::: Dataset section
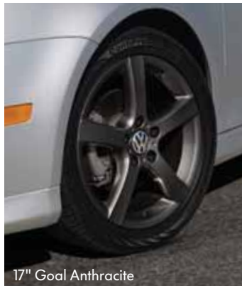
17" Goal Anthracite
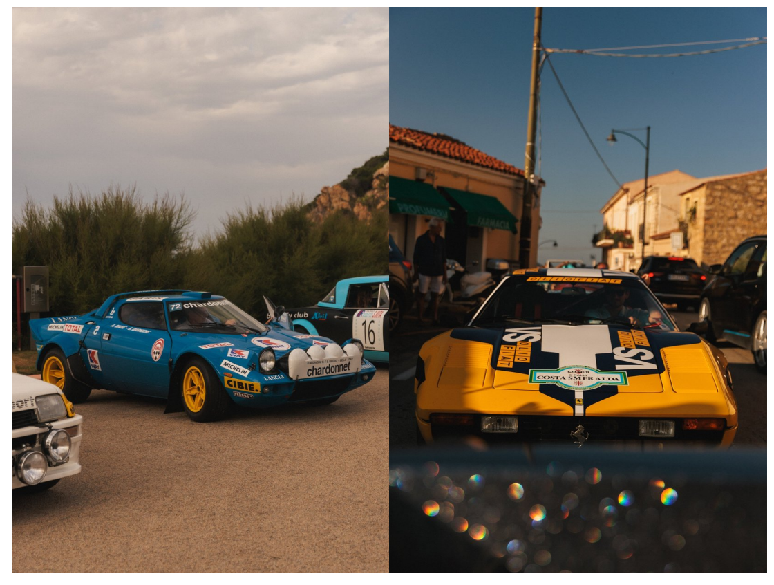
The 'Rally Queens' was another highly impressive class, spearheaded by Carlos Sainz' incredible Repsol Lancia Delta Integrale. The accompanying 1982 Renault 5 Turbo was also a sight to behold, but perhaps the most amazing aspect of this class was the gargantuan sound produced by the tiny Fiat Abarth 124 rally car.

Also definitely worth mentioning was the 'Peace and Love' category, which was home to a hilarious car collection — brought by a German attendee — that celebrated the most awkward French cars, including a Signal Yellow Matra 530 LX, which looks almost identical from the front as it does from the rear.
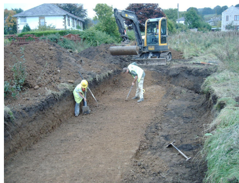
The Stanlow Dig, as mentioned several times in this edition.
::::::
Aim of the task. Your task is to restate word for word the lines from the line holding "The 'Rally Queens'" through the final line of the listing, both included, but none of the pictures.

Solution for this exercise.
The 'Rally Queens' was another highly impressive class, spearheaded by Carlos Sainz' incredible Repsol Lancia Delta Integrale. The accompanying 1982 Renault 5 Turbo was also a sight to behold, but perhaps the most amazing aspect of this class was the gargantuan sound produced by the tiny Fiat Abarth 124 rally car.

Also definitely worth mentioning was the 'Peace and Love' category, which was home to a hilarious car collection — brought by a German attendee — that celebrated the most awkward French cars, including a Signal Yellow Matra 530 LX, which looks almost identical from the front as it does from the rear.
The Stanlow Dig, as mentioned several times in this edition.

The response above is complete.